A Reddit post has sparked widespread discussion after a user shared a relative’s experience of returning to India following more than 15 years in the USA and Switzerland. The man, who previously worked as a senior executive at a FAANG company, returned to his hometown — a major non-metro Tier-1 city — earlier this year to be closer to his aging parents. He even managed to retain his position through remote work.
‘Fair competition abroad, but not at home’
While speaking with his relative, the man revealed an overlooked reality that many returning NRIs fail to anticipate — the difference in how wealth and competition function between developed countries and India.
“In the USA, anyone with money mostly got it through largely ‘clean’ ways — business, entrepreneurship, inheritance, job. When he was competing for housing or any other resource, there was still the assurance that the competition was ‘fair’,” the Reddit user quoted him as saying.
The returnee added that in India, the same competition felt distorted. “Back home in India, he was competing against bureaucrats and babus who earned most of their money through illegal means,” he reportedly told the Reddit user.
‘This unfairness is killing his ambition’
According to the post, this perceived unfairness has affected not just his motivation but also his overall sense of purpose. The man explained that in the US, the fairness of opportunity encouraged him to push harder.

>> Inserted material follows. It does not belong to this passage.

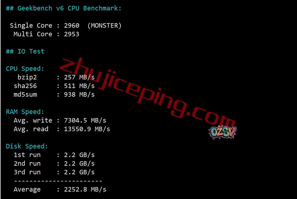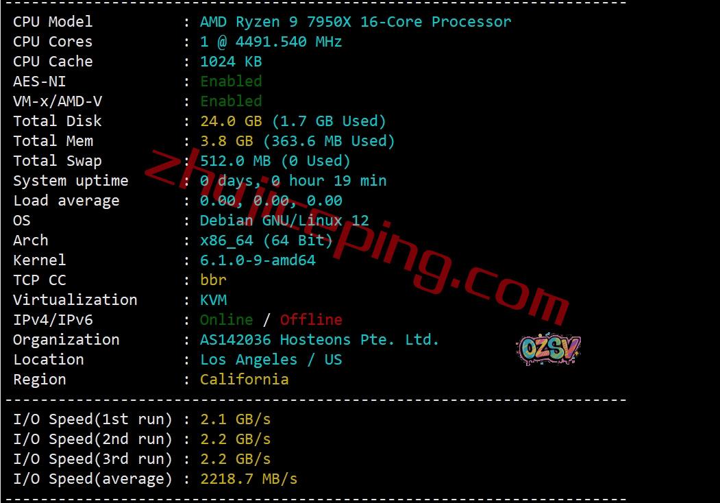 AMD Ryzen 9 7950X(Zen 4、16核、32线程、主频4.5GHz、加速5.7GHz)、洛杉矶默认没有开启V6(估计需要发工单),hosteons自家的AS,当前硬盘I/O大致在2218MB/S的样子: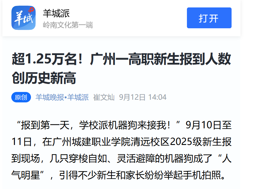 “報到第一天,學校派機器狗來接我!”9月10日至11日,在廣州城建職業(yè)學院清遠校區(qū)2025級新生報到現(xiàn)場,幾只穿梭自如、靈活避障的機器狗成了“人氣明星”,引得不少新生和家長紛紛舉起手機拍照。

“In the USA, the fairness of the competition meant that he felt the urge to work harder because if he was smart and able, he would win too,” he said. “But in India, the unfairness meant that no matter how much he worked, the game was largely rigged against him. This, he said, is killing his ambition.”
The post has since prompted hundreds of responses from other NRIs and residents reflecting on how systemic inequality and corruption impact everyday ambition and opportunity in India.